Een mogelijke wijziging van het Planningsbesluit IVF |
|
Agnes Wolbert (PvdA) |
|
Edith Schippers (minister volksgezondheid, welzijn en sport) (VVD) |
|
Bent u voornemens het Planningsbesluit IVF te wijzigen en het aantal klinieken met een vergunning voor in vitro fertilisatie (IVF) uit te breiden?
Ja.
Ik ben voornemens het Planningsbesluit in-vitrofertilisatie (verder: het planningsbesluit) te actualiseren. Vanuit juridisch oogpunt is het noodzakelijk om het planningsbesluit uit 1998 te actualiseren. Een afwijzing van een vergunningaanvraag op grond van een bijna 20 jaar oud planningsbesluit (waarin staat vermeld dat de behoefteraming voor 10 jaar zou gelden) is juridisch kwetsbaar.
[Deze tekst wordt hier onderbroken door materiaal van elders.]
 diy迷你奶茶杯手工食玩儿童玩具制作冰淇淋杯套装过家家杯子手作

Indien een vergunningaanvraag wordt afgewezen op grond van het huidige planningsbesluit, zal de aanvrager in bezwaar en beroep gaan. De kans is groot dat VWS dat zou verliezen. Het planningsbesluit moet ik daarom aanpassen conform de actuele inhoudelijke kennis en ontwikkelingen binnen de IVF-zorg.
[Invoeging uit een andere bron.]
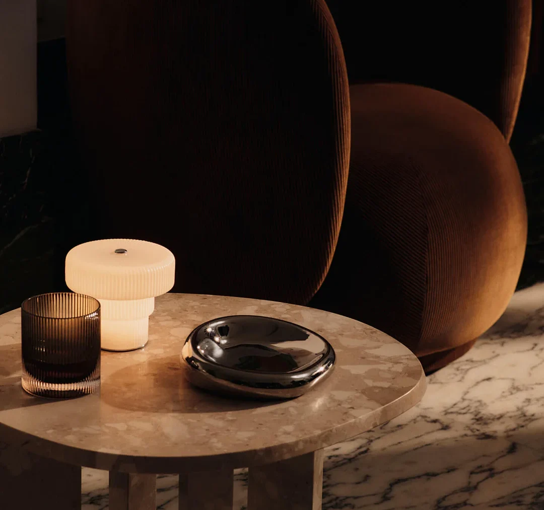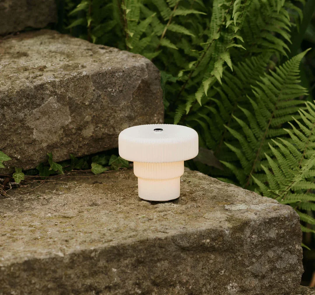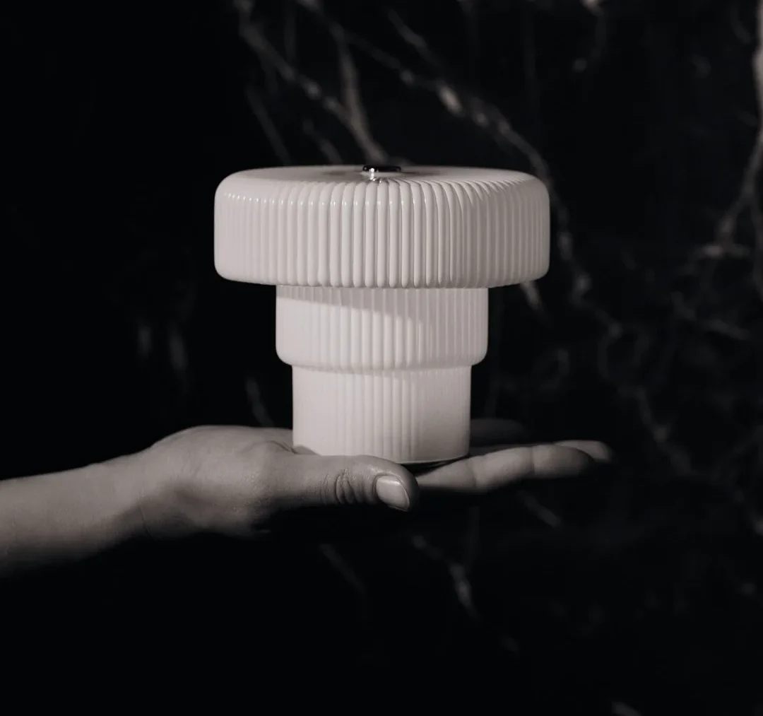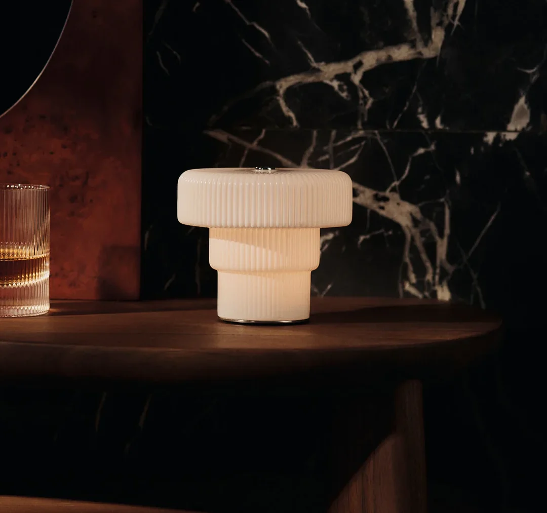 Add a soft glow to your space with the Ripple Portable Lamp. Crafted from mouth-blown glass with a rippled surface and white opal finish, it casts a warm, diffused light. With three brightness levels, the compact design is perfect for intimate evenings or adding ambience to a table setting.
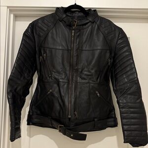 NWOT [Leather Skin] Black Brando Quilted Padded Genuine Leather Jacket Women’s L

Door het planningsbesluit te actualiseren kan de IGZ de aanvraag toetsen aan de meest recente, door de beroepsgroepen opgestelde kwaliteitseisen, alvorens ik een besluit neem over een vergunningaanvraag. Onderdeel van een planningsbesluit is op grond van artikel 5 van de Wet op bijzondere medische verrichtingen (Wbmv) een behoefteraming. De behoefteraming in het bestaande planningsbesluit dateert uit 1998, waarbij is aangegeven dat die raming voor tien jaar in de behoefte voorziet. In het herziene planningsbesluit wordt daarom ook de behoefteraming geactualiseerd. Bij deze actualisering is een beheerste groei van het aantal IVF-klinieken voorzien, omdat ook het aantal IVF-behandelingen sinds 1998 is gestegen. Bovendien is de status van IVF, sinds de eerste vergunningen in 1989, binnen de Wbmv gewijzigd. Bij het afgeven van de eerste vergunningen in 1989 werd IVF om kwaliteitsargumenten en ethisch-maatschappelijke redenen vergunningplichtig: de IVF-techniek was toen nieuw en in ontwikkeling. Bijna 30 jaar later wordt IVF gezien als gangbare zorg en hebben de beroepsgroepen gedegen kwaliteitsrichtlijnen ontwikkeld. Overheidsbemoeienis in de vorm van de Wbmv is mijn inziens uitsluitend om het ethische aspect van IVF nog van belang. De Wbmv is niet bedoeld voor het voor onbepaalde tijd bestendigen van marktposities van de aanbieders van IVF-zorg, zeker als de kwaliteit goed op orde is. Uit jurisprudentie valt af te leiden dat de rechter, als de kwaliteit in orde is, beperking van het aanbod tot minder dan de behoefteraming onvoldoende grond vindt voor het weigeren van een vergunning.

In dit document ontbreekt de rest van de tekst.